Captain Levett Landon Boscawen Ibbetson (1799 - 8 September 1869) was an English 19th century geologist, inventor, organiser and soldier. He is particularly associated with early developments in photography. He was a member of the London Electrical Society and later a Fellow of the Royal Society (elected 6 June 1850).

==Life==
From his London home (46 Margaret Street, near Cavendish Square), Ibbetson corresponded with William Henry Fox Talbot in 1842, having spent some years trying to produce a lithograph from an original daguerreotype, writing "I have been going on with experiments in the Callotype & have had some very good results as to depth of Colour." Ten years later, in 1852, Ibbetson exhibited work produced using the Talbot calotype process, called Le Premier Livre Imprimè par le Soleil, at a London Society of Arts exhibition. This book, originally published in 1840, was an album of contact prints of ferns, grasses and flowers and used "the independently invented process of Friedrich Gerber of Bern, published in January 1839, when Ibbetson was residing in Bern."

An enthusiastic geologist, one of Ibbetson's finds on the Isle of Wight, the fossilised remains of a Hybodus, was sent to Sir Philip Malpas de Grey Egerton, and was discussed in the Proceedings of the Geological Society in 1845.

During the 1840s, Ibbetson was also engaged in various geological surveys associated with the expansion of the British railway system, during which work he corresponded with eminent geologist Henry Thomas De la Beche.

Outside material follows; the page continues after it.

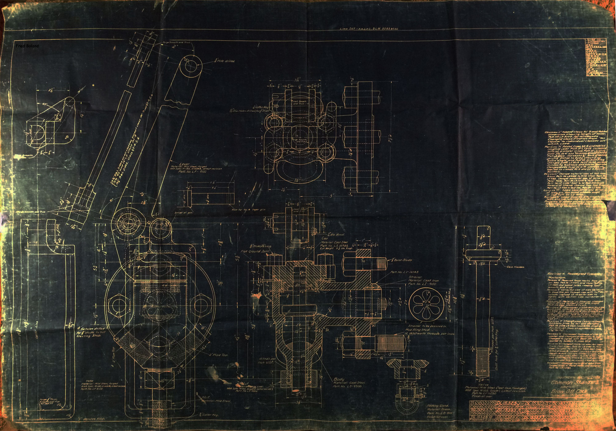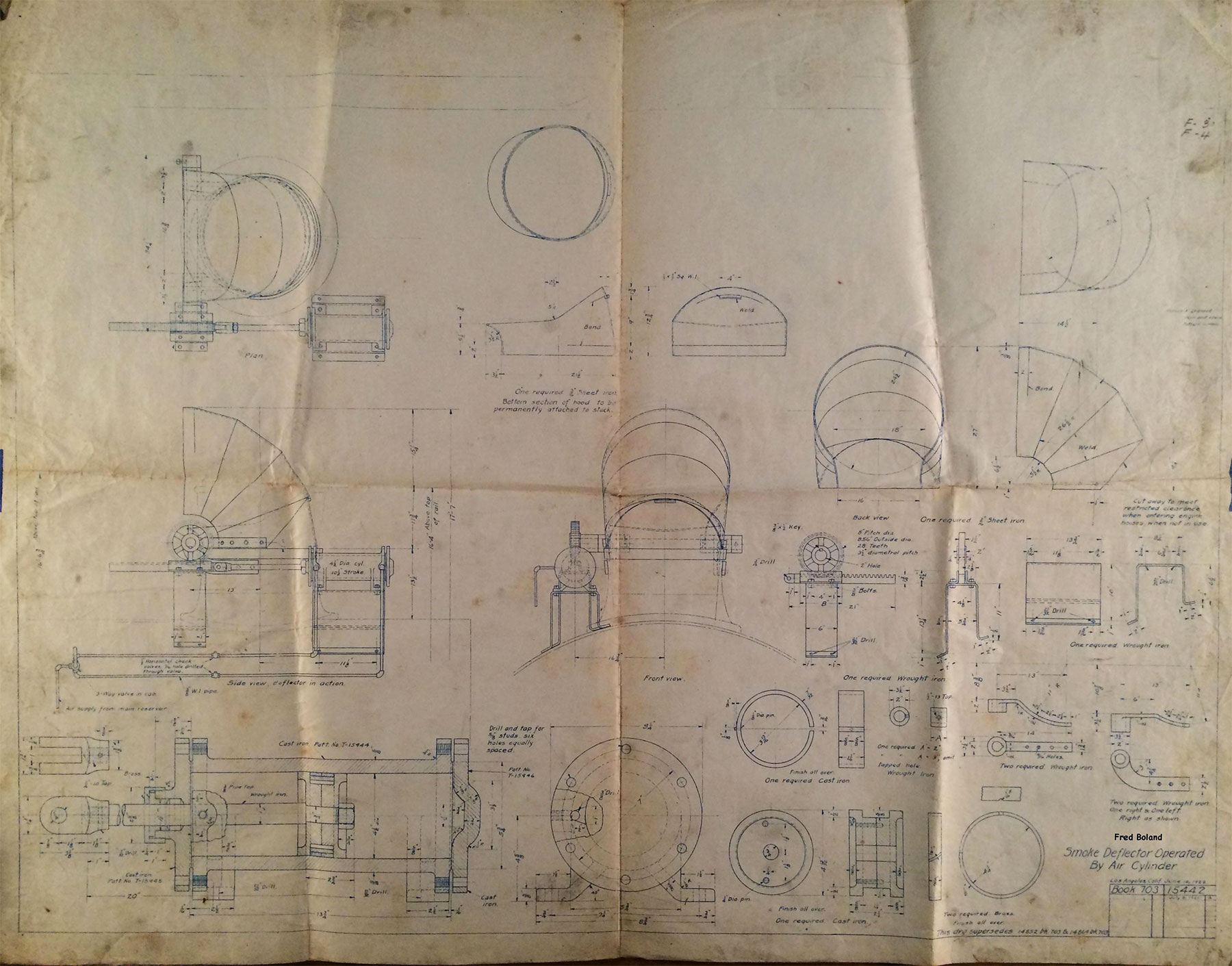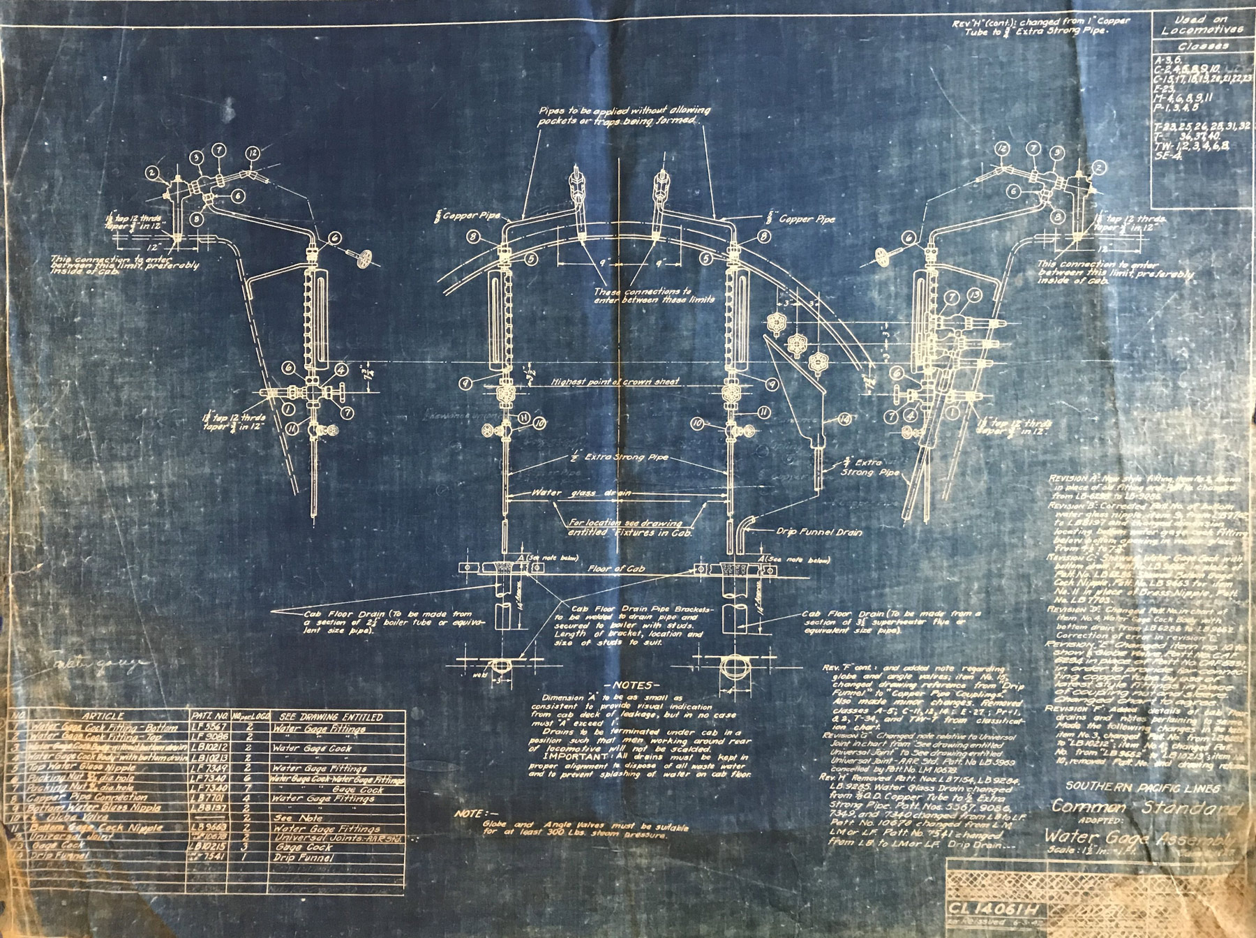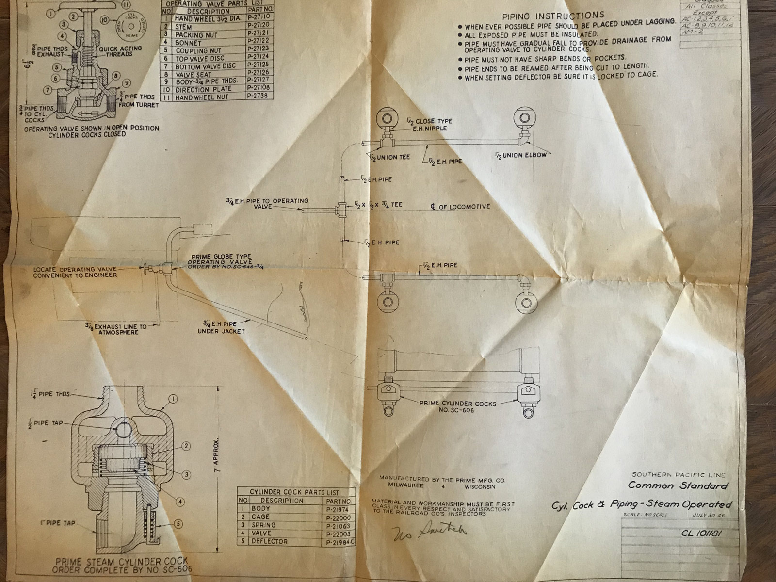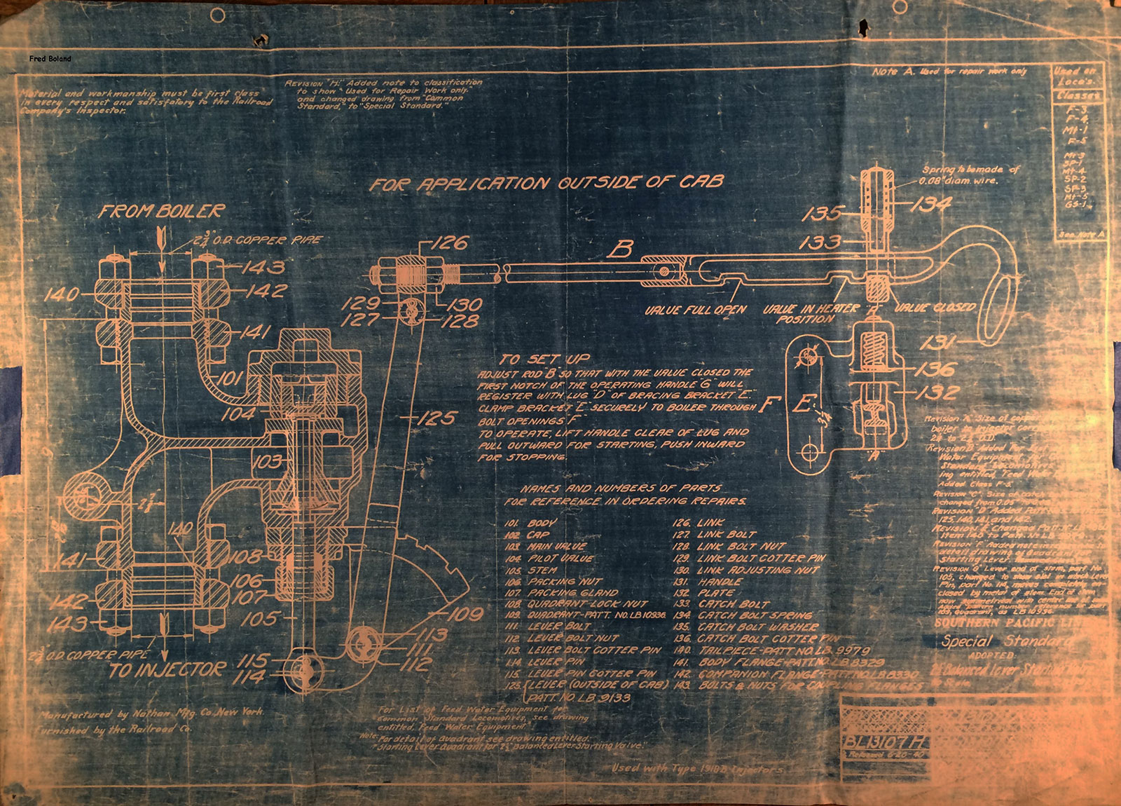 In 1958, after steam was done on Southern Pacific, somebody decided that the volumnuous collection of no-longer-needed steam locomotive drawings filed away at San Francisco's Bayshore Shops could be eliminated. Shop personnel thus began to fill a dumpster with many hundreds of drawings, much to the distress of the late Machinist Fred Boland. By then, Fred had accumulated nearly 40 years of Bayshore service, and these drawings held sentimental value for him, since he had worked with them throughout his long career. But moreover, he recognized their historical significance. Figuring that nobody cared, he began collecting them for preservation. Unfortunately, in that regard he was wrong. When his foreman discovered what Fred was doing, he ordered him to cease his efforts - these were "company secrets" that had to be destroyed, lest they fall into the wrong hands. Never-mind that they were obsolete, and that many of them were essentially those of suppliers that had been redrawn by SP draftsmen to conform to its Common Standard drawings.

He wrote a book, with contributions from Edwin Lankester, published around 1852, entitled Notes on the geology and chemical composition of the various strata in the Isle of Wight ... With a map in relief. With Professor Edward Forbes, he produced a description of the geology between Blackgang Chine and Atherfield Point, in the Isle of Wight, for the Geological Society.

In 1851, Levett Ibbetson helped manage the Great Exhibition. At this event, public toilets were relatively novel, and Ibbetson was given the task of writing an 'Official Report on the Waiting Rooms and Washing Places in the Exhibition Building' - during which he recorded "The largest receipt from the Waiting Rooms was on Wednesday, 8 October 1851 when 11,171 persons made use of them".

Ibbetson died at Biebrich in Prussia, where he had lived for several years. Some years earlier he presented a valuable collection of fossils to the Museum of Practical Geology in London. His illustration of a fossil, "Transverse section of madrepore" in The Westminster Review of September 1840 is credited with being the first example of the use of limelight to shorten exposure times when making daguerreotypes.

==Works by L. L. Boscawen Ibbetson==
- On the Tertiary and Cretaceous Formations of the Isle of Wight, co-authored with Prof. E. Forbes, 1844
- Notes on the Geology and Chemical Composition of the various Strata in the Isle of Wight, J. Van Voorst, London, 1849

==Family==

Capt. Levett Landon Boscawen Ibbetson was the son of Sophy and Major Levett Ibbetson, who was son of James Ibbetson. He was the father of Major Henry Levett Boscawen Ibbetson of the 77th (East Middlesex) Regiment of Foot of the British Army. He also served in the 28th (North Gloucestershire) Regiment of Foot. Major Ibbetson lived at West Teignmouth, Devon, England.